= Exercise prompt =
From the first line to the last, give the records again exactly and skip the pictures.

= Records supplied =
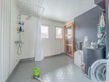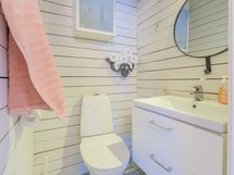 käynti kylpyhuoneeseen katetun terassin kautta, ikkuna, suihku, pesukoneliitäntä, seinillä laatta/paneeli, laattalattia. WC: peili, allas, allaskaappi, wc-istuin, seinillä paneeli, lattiassa muovimatto
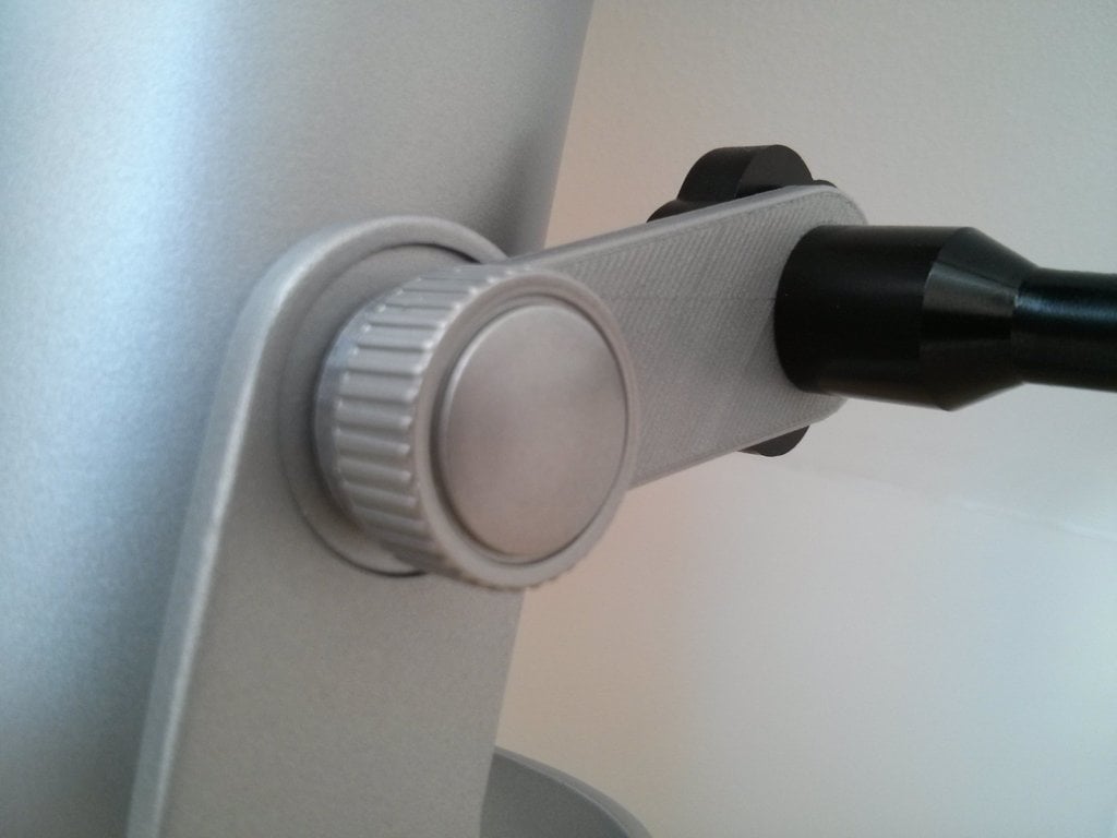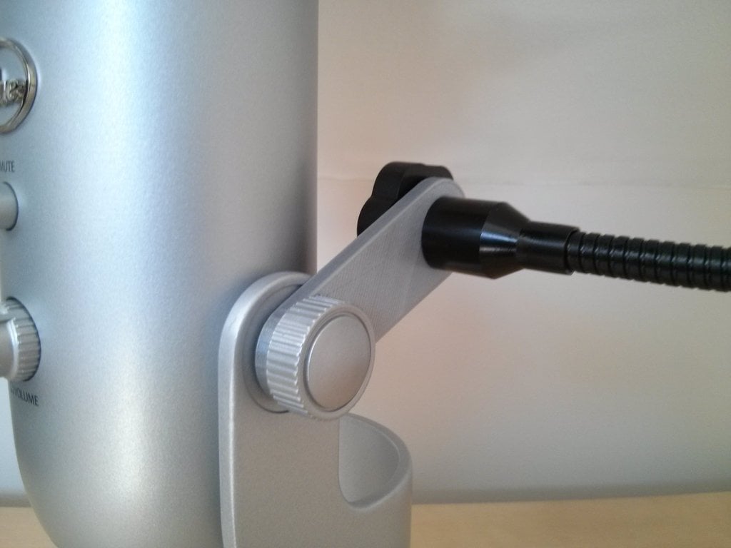 Blue Yeti -mikrofonin pop-suodattimen kiinnikkeen avulla tavallisen pop-suodattimen kiinnittäminen Blue Yeti -pöytämikrofoniin on helppoa. Pop-suodattimet on suunniteltu ruuvattavaksi normaaliin mikrofonitelineeseen metallikiinnikkeellä. Tämä kiinnike korvaa nykyisen ja mahdollistaa pop-suodattimen kiinnittämisen suoraan Blue Yeti -mikrofoniin. Kiinnike on helppo kiinnittää ruuvaamalla se kiinni. Kulmaa voidaan säätää myös löysäämällä pulttia.
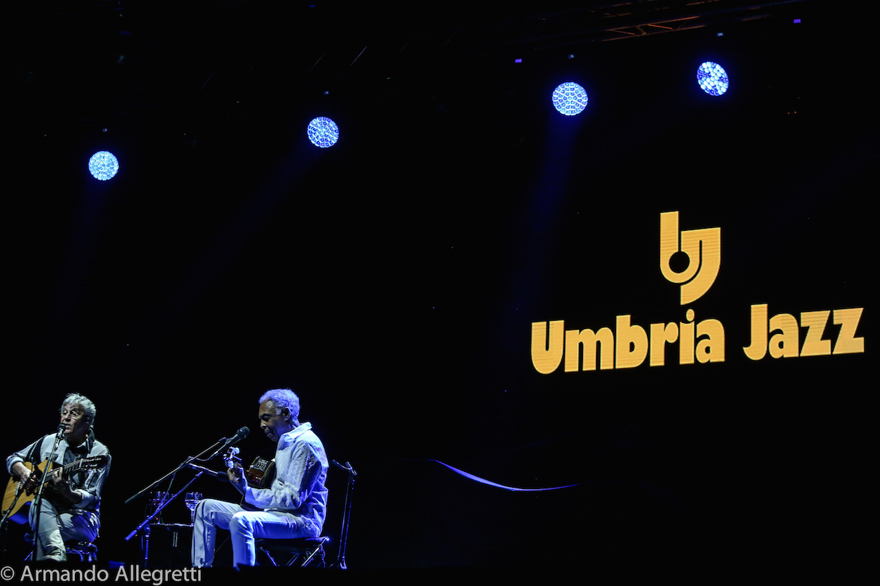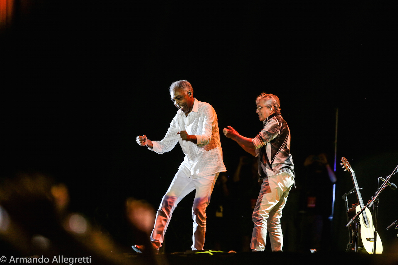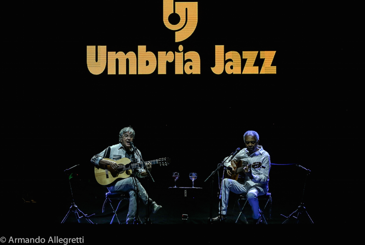 Perugia. Dopo i sold out di Parigi, Londra, Copenaghen, Amsterdam, Caetano Veloso e Gilberto Gil hanno fatto tappa in Italia con il loro “Caetano&Gil-Two Friends, a century of Music”, il tour europeo che vede i due giganti della musica brasiliana insieme a 21 anni dal loro ultimo tour mondiale. L’occasione è anche quella di celebrare i rispettivi 50 anni di carriera. Caetano Veloso e Gilberto Gil si sono incontrati per la prima volta per caso a Salvador (Bahia), e da quel giorno dei primi anni ‘60 sono diventati amici.Sul Palco. Il concerto che Caetano Veloso e Gilberto Gil propongono è completamente inedito, con una scaletta pensata ad hoc, che vede i due artisti insieme sul palco con le loro chitarre per l’intera durata del live. Così va verso la conclusione il weekend di Umbria Jazz, un fine settimana che inizia tingendosi di colori brasiliani con l’attesissima Réunion dei due amici che celebrano anche i cinquanta anni di amicizia tornando ad esibirsi insieme sul palco del Santa Giuliana di Perugia. Più che un concerto è stata una festa con la gente che ha ballato, che ha cantato con loro che davano il ritmo all’onda che si muoveva gioiosa sotto al palco dell’Arena.
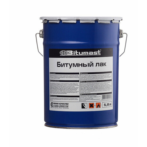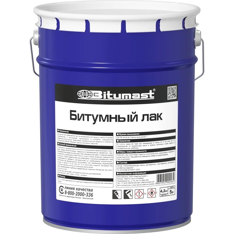 Битумный лак- антикоррозионная защита металлических поверхностей от воздействия атмосферной влаги. Консервация металлических изделий в межоперационный период или при хранении в условиях повышенной влажности. Защита деревянных конструкций от гниения и поражения грибками.Битумный лак - состав на основе нефтяного битума, органического растворителя, плёнкообразующей смолы, ингибитора коррозии и антисептика.Содержит высокоэффективный ингибитор коррозии и антисептик, препятствует возникновению подплёночной коррозии. Не содержит толуола и других токсичных растворителей.Производство работПеред применением, битумный лак тщательно перемешать по всему объёму. При необходимости возможно разбавление уайт-спиритом, сольвентом или бензином-растворителем (не использовать автомобильный бензин, так как пары его могут быть ядовиты. При нанесении битумного лака, поверхность должна быть сухой, предварительно очищенная от грязи, непрочных остатков старого покрытия, снега и наледи. Ржавые металлические поверхности зачистить механическим способом и обработать преобразователем ржавчины Bitumast. Битумный лак наносится при помощи малярного валика, кисти, швабры или методом распыления в 2 слоя с промежуточной сушкой не менее 6 часов.ХранениеХранить в плотно закрытой таре при температуре от минус 30 градусов до плюс 50 градусов. Предохранять от воздействия влаги и прямых солнечных лучей, вдали от нагревательных приборов и открытых источников огня. Не хранить в жилых помещениях и в контакте с продуктами питания. Держать в недоступном для детей месте. Гарантийный срок хранения при условии герметичной упаковки - 24 месяца. Гарантийный срок продукции в металлической таре - 36 месяцев.Меры предосторожностиНе использовать внутри жилых помещений. Битумный лак огнеопасен! Работы с битумным лаком проводить на открытом воздухе, при работе в помещении необходимо обеспечить приточную вентиляцию, не курить. Исключить наличие нагревательных приборов и открытых источников огня. Не допускать попадания битумного лака на кожные покровы, в глаза и пищевод, применять защитные костюмы, перчатки и очки. При попадании битумного лака на кожу - удалить ветошью и смыть загрязнение мыльной водой. При попадании битумного лака в глаза - промыть большим количеством проточной воды и при необходимости обратиться за медицинской помощью. При попадании битумного лака в пищевод - НЕ вызывать рвоту, немедленно обратиться за медицинской помощью и показать этикетку.
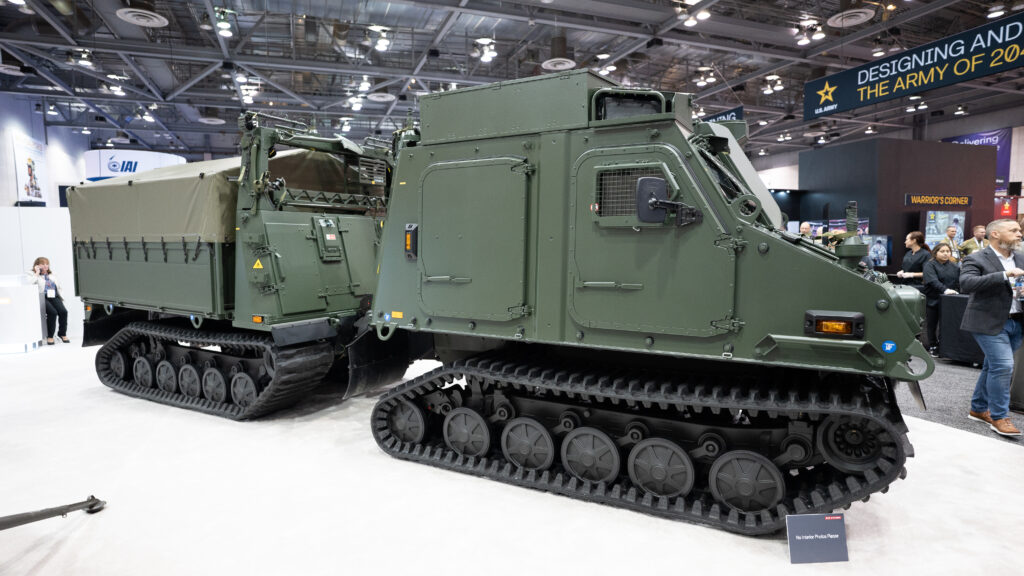 The BvS10 all terrain vehicle was displayed at a booth belonging to BAE SYSTEMS, showing off what the company said was the platform’s equipment flexibility for a variety of missions. (Brendon Smith / Breaking Defense)
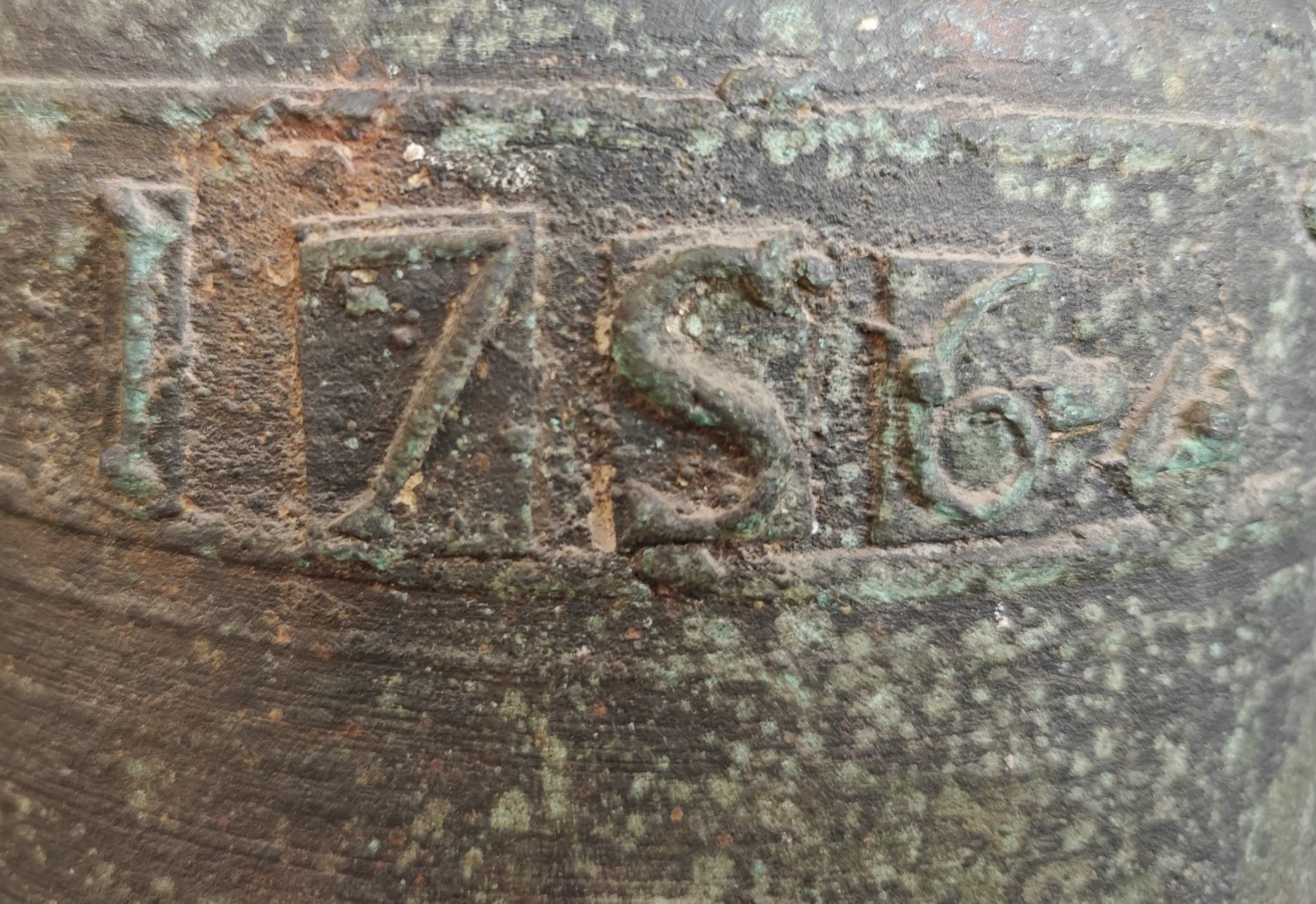 Campana con corona a ventaglio con tre fori di aggancio al ceppo: quello superiore di sagoma quadrilatera, i due più in basso di forma a goccia. La campana è percorsa da sottili linee parallele nelle parti inferiore e superiore del corpo. Non sono presenti altri fregi od iscrizioni tranne la data posta in una fascia determinata da 2 linee, poco sotto la calotta. Essa è scritta a numeri arabi (gli ultimi 2 di stile floreale) tratti da matrici di legno di 4,2 cm di altezza e varianti tra 1,4 e 2,8 cm di larghezza. È notevole e interessante l’ingabbiatura che ne racchiude i 2/3 inferiori. Essa mostra il vano tentativo di mettere la campana in sicurezza, preservandola da ulteriori rotture e procrastinandone l’uso. Sono stretti sulla base, e a 26 cm da essa, 2 anelli costrittori creati con fascette di ferro dell’altezza di 2cm. Tre analoghe fascette li uniscono tra loro tramite punti di saldatura e tre bloccaggi ad “u” li assicurano alla base. La campana presenta non influenti abrasioni sulla calotta. Il perimetro di base è scheggiato in alcuni punti. Sul retro della campana, corrispondentemente al taglio della corona, partendo dalla base si apre un profondo taglio verticale che la taglia fino all’altezza dell’anello superiore. Da qui si diramano, verso l’alto, due lesioni simmetriche che circondano per 2/3 il dorso della campana. Dove i tagli si biforcano la campana presenta un grande foro di forma irregolare (circa 6,4x 4,4cm)
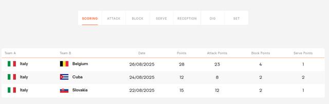 北京时间8月26日,2025年女排世锦赛,意大利女排3-1击败比利时女排豪取三连胜,意大利女排轻松的锁定了B组第一,四局比分:25-16、25-16、21-25、 25-18。这场比赛意大利女排有三人得分上双,比利时女排只有两人得分上双。
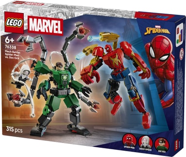 Begge robotene er fullt bevegelige, noe som gir maksimal dynamisk action, og de har hver sin cockpit med plass til en minifigurpilot. Spider-Man-roboten er i Iron Spider-stil og har to bevegelige, knappestyrte knotteskytere. Doc Ock-roboten har fire fullt bevegelige tentakler. Settet inkluderer også to nettau som er lette å feste til roboter og minifigurer, og Ghost Spider har slynger som kan festes til Doc Ock-robotens overkropp. Denne LEGO ǀ Marvel Spider-Man roboten er en flott gave, og med LEGO Builder appen kan barn bygge og føle mestring mens de zoomer, roterer i 3D og sporer framdriften sin med digitale instruksjoner. Byggesettet består av 315 deler.

= Result of the exercise =
 käynti kylpyhuoneeseen katetun terassin kautta, ikkuna, suihku, pesukoneliitäntä, seinillä laatta/paneeli, laattalattia. WC: peili, allas, allaskaappi, wc-istuin, seinillä paneeli, lattiassa muovimatto
 Blue Yeti -mikrofonin pop-suodattimen kiinnikkeen avulla tavallisen pop-suodattimen kiinnittäminen Blue Yeti -pöytämikrofoniin on helppoa. Pop-suodattimet on suunniteltu ruuvattavaksi normaaliin mikrofonitelineeseen metallikiinnikkeellä. Tämä kiinnike korvaa nykyisen ja mahdollistaa pop-suodattimen kiinnittämisen suoraan Blue Yeti -mikrofoniin. Kiinnike on helppo kiinnittää ruuvaamalla se kiinni. Kulmaa voidaan säätää myös löysäämällä pulttia.
 Perugia. Dopo i sold out di Parigi, Londra, Copenaghen, Amsterdam, Caetano Veloso e Gilberto Gil hanno fatto tappa in Italia con il loro “Caetano&Gil-Two Friends, a century of Music”, il tour europeo che vede i due giganti della musica brasiliana insieme a 21 anni dal loro ultimo tour mondiale. L’occasione è anche quella di celebrare i rispettivi 50 anni di carriera. Caetano Veloso e Gilberto Gil si sono incontrati per la prima volta per caso a Salvador (Bahia), e da quel giorno dei primi anni ‘60 sono diventati amici.Sul Palco. Il concerto che Caetano Veloso e Gilberto Gil propongono è completamente inedito, con una scaletta pensata ad hoc, che vede i due artisti insieme sul palco con le loro chitarre per l’intera durata del live. Così va verso la conclusione il weekend di Umbria Jazz, un fine settimana che inizia tingendosi di colori brasiliani con l’attesissima Réunion dei due amici che celebrano anche i cinquanta anni di amicizia tornando ad esibirsi insieme sul palco del Santa Giuliana di Perugia. Più che un concerto è stata una festa con la gente che ha ballato, che ha cantato con loro che davano il ritmo all’onda che si muoveva gioiosa sotto al palco dell’Arena.
 Битумный лак- антикоррозионная защита металлических поверхностей от воздействия атмосферной влаги. Консервация металлических изделий в межоперационный период или при хранении в условиях повышенной влажности. Защита деревянных конструкций от гниения и поражения грибками.Битумный лак - состав на основе нефтяного битума, органического растворителя, плёнкообразующей смолы, ингибитора коррозии и антисептика.Содержит высокоэффективный ингибитор коррозии и антисептик, препятствует возникновению подплёночной коррозии. Не содержит толуола и других токсичных растворителей.Производство работПеред применением, битумный лак тщательно перемешать по всему объёму. При необходимости возможно разбавление уайт-спиритом, сольвентом или бензином-растворителем (не использовать автомобильный бензин, так как пары его могут быть ядовиты. При нанесении битумного лака, поверхность должна быть сухой, предварительно очищенная от грязи, непрочных остатков старого покрытия, снега и наледи. Ржавые металлические поверхности зачистить механическим способом и обработать преобразователем ржавчины Bitumast. Битумный лак наносится при помощи малярного валика, кисти, швабры или методом распыления в 2 слоя с промежуточной сушкой не менее 6 часов.ХранениеХранить в плотно закрытой таре при температуре от минус 30 градусов до плюс 50 градусов. Предохранять от воздействия влаги и прямых солнечных лучей, вдали от нагревательных приборов и открытых источников огня. Не хранить в жилых помещениях и в контакте с продуктами питания. Держать в недоступном для детей месте. Гарантийный срок хранения при условии герметичной упаковки - 24 месяца. Гарантийный срок продукции в металлической таре - 36 месяцев.Меры предосторожностиНе использовать внутри жилых помещений. Битумный лак огнеопасен! Работы с битумным лаком проводить на открытом воздухе, при работе в помещении необходимо обеспечить приточную вентиляцию, не курить. Исключить наличие нагревательных приборов и открытых источников огня. Не допускать попадания битумного лака на кожные покровы, в глаза и пищевод, применять защитные костюмы, перчатки и очки. При попадании битумного лака на кожу - удалить ветошью и смыть загрязнение мыльной водой. При попадании битумного лака в глаза - промыть большим количеством проточной воды и при необходимости обратиться за медицинской помощью. При попадании битумного лака в пищевод - НЕ вызывать рвоту, немедленно обратиться за медицинской помощью и показать этикетку.
 The BvS10 all terrain vehicle was displayed at a booth belonging to BAE SYSTEMS, showing off what the company said was the platform’s equipment flexibility for a variety of missions. (Brendon Smith / Breaking Defense)
 Campana con corona a ventaglio con tre fori di aggancio al ceppo: quello superiore di sagoma quadrilatera, i due più in basso di forma a goccia. La campana è percorsa da sottili linee parallele nelle parti inferiore e superiore del corpo. Non sono presenti altri fregi od iscrizioni tranne la data posta in una fascia determinata da 2 linee, poco sotto la calotta. Essa è scritta a numeri arabi (gli ultimi 2 di stile floreale) tratti da matrici di legno di 4,2 cm di altezza e varianti tra 1,4 e 2,8 cm di larghezza. È notevole e interessante l’ingabbiatura che ne racchiude i 2/3 inferiori. Essa mostra il vano tentativo di mettere la campana in sicurezza, preservandola da ulteriori rotture e procrastinandone l’uso. Sono stretti sulla base, e a 26 cm da essa, 2 anelli costrittori creati con fascette di ferro dell’altezza di 2cm. Tre analoghe fascette li uniscono tra loro tramite punti di saldatura e tre bloccaggi ad “u” li assicurano alla base. La campana presenta non influenti abrasioni sulla calotta. Il perimetro di base è scheggiato in alcuni punti. Sul retro della campana, corrispondentemente al taglio della corona, partendo dalla base si apre un profondo taglio verticale che la taglia fino all’altezza dell’anello superiore. Da qui si diramano, verso l’alto, due lesioni simmetriche che circondano per 2/3 il dorso della campana. Dove i tagli si biforcano la campana presenta un grande foro di forma irregolare (circa 6,4x 4,4cm)
 北京时间8月26日,2025年女排世锦赛,意大利女排3-1击败比利时女排豪取三连胜,意大利女排轻松的锁定了B组第一,四局比分:25-16、25-16、21-25、 25-18。这场比赛意大利女排有三人得分上双,比利时女排只有两人得分上双。
 Begge robotene er fullt bevegelige, noe som gir maksimal dynamisk action, og de har hver sin cockpit med plass til en minifigurpilot. Spider-Man-roboten er i Iron Spider-stil og har to bevegelige, knappestyrte knotteskytere. Doc Ock-roboten har fire fullt bevegelige tentakler. Settet inkluderer også to nettau som er lette å feste til roboter og minifigurer, og Ghost Spider har slynger som kan festes til Doc Ock-robotens overkropp. Denne LEGO ǀ Marvel Spider-Man roboten er en flott gave, og med LEGO Builder appen kan barn bygge og føle mestring mens de zoomer, roterer i 3D og sporer framdriften sin med digitale instruksjoner. Byggesettet består av 315 deler.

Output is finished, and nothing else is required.